Let, const, and var are WEIRD in JavaScript - kvizdos
https://blog.kentonvizdos.com/let-vs-const-vs-var-when-to-use-which/
======
zo-mar
I like the article overall. It’s definitely important to understand the
differences between all three variable declarations. However, I think the
article falls short when explaining how scope differs between var vs let and
const.

It’s not that let and const are “locally scoped”, but rather they are block
scoped. Whereas, var is globally or function scoped. This is a very important
distinction, and makes JavaScript way more consistent to work with.

Some contrived examples…

In this example, x is globally scoped.
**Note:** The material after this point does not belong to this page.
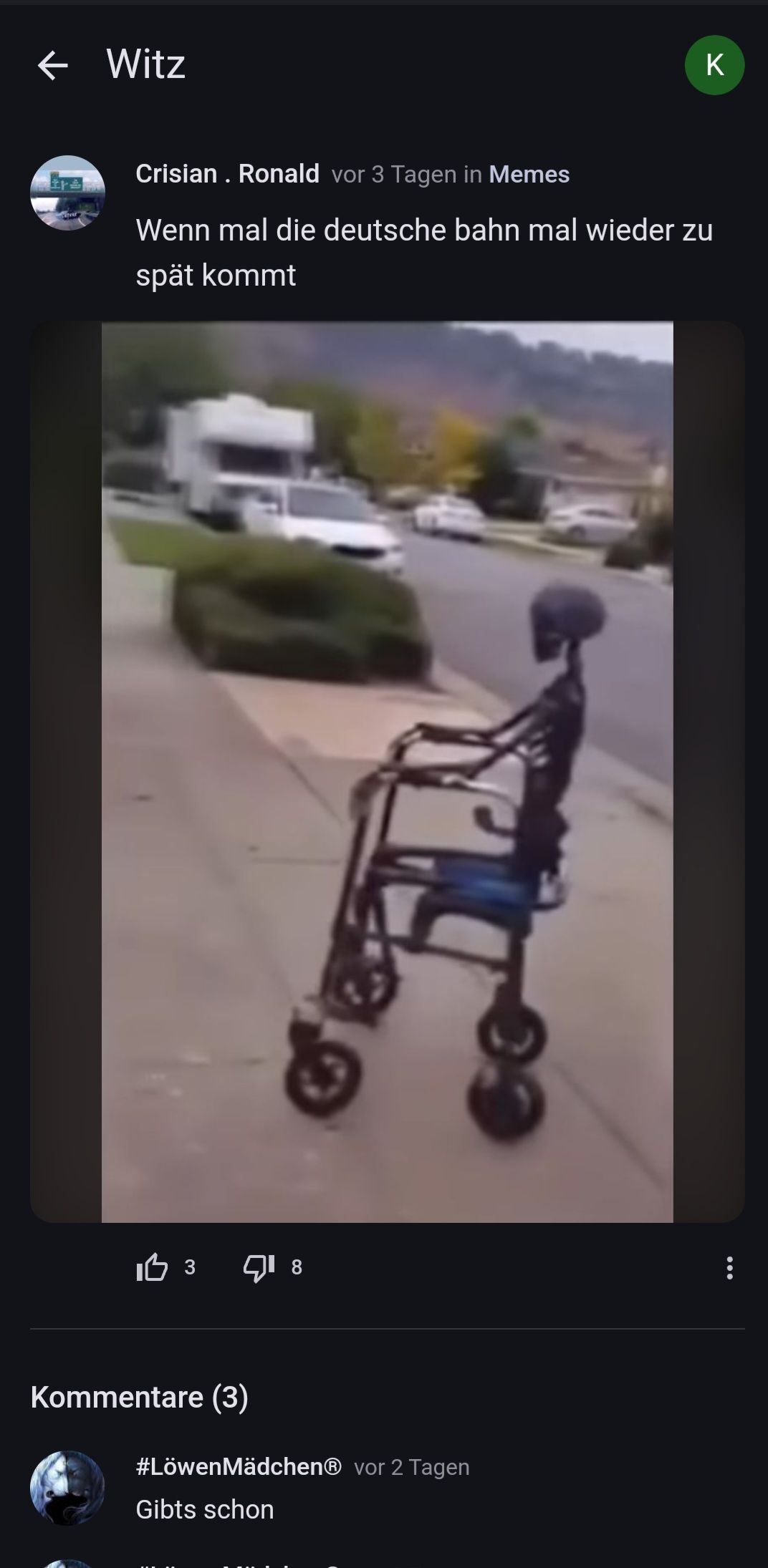 Colinvor 2 JahrenNur blöd, dass Felix die Witze, die er kopiert, selber nicht rafft: schlechtewitze.com/witze/61e2c02861543e7e35191b10/ein-stotterer-steigt-in-die-s-bahn-und-fragt-einen-anderen-fahrgast 😅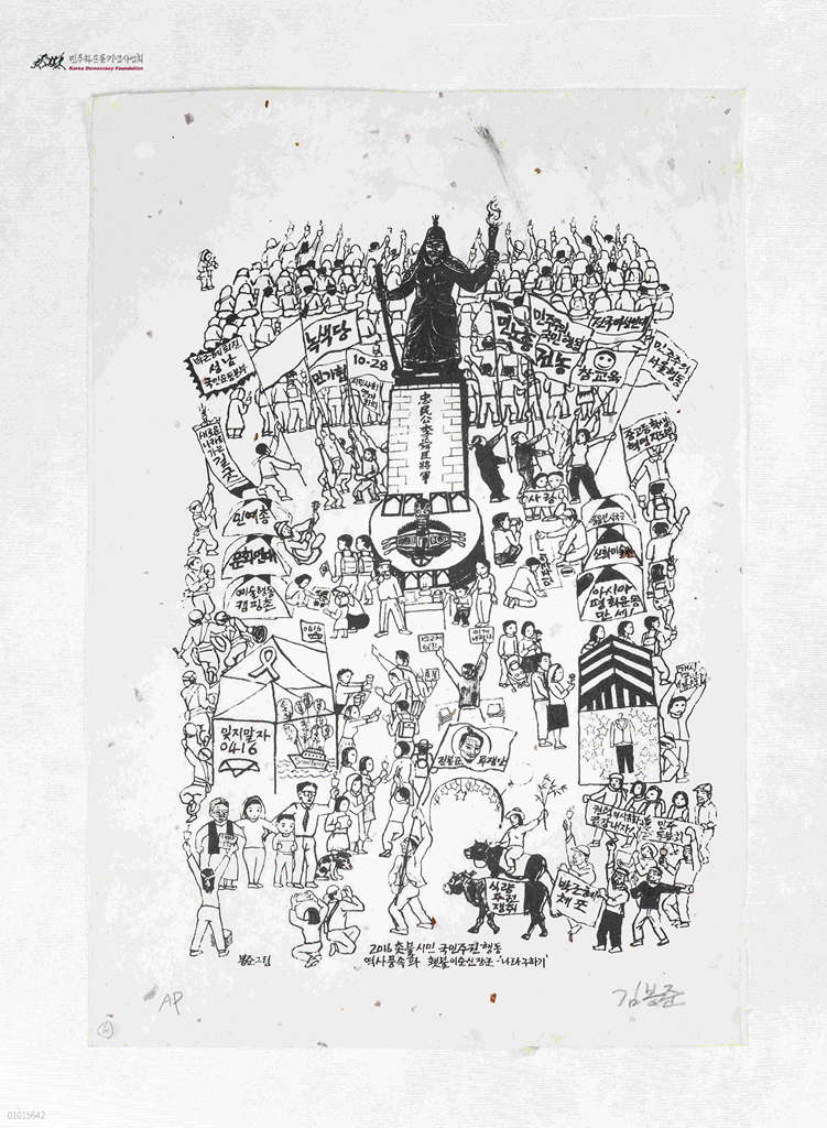 - 이순신장군 동상을 둘러싼 시위하는 사람들

Once the loop finishes, it persists.
This means it can be accessed and even worst, modified outside of the for
loop.

    
    
      var someArray = [1, 2]
      for(var x = 0; x <= someArray.length; x++) {
        // do some work
      }
    
      console.log(x) // outputs: 3
      x++
      console.log(x) // outputs: 4
    

\---

In this example, x is scoped to the for loop block. Once the loop finishes,
it’s destroyed. This results in x not being defined when you access it outside
the for loop.

    
    
      var someArray = [1, 2]
      for(let x = 0; x <= someArray.length; x++) {
        // do some work
      }
    
      console.log(x) // output: x is not defined
    

\---

Cheers!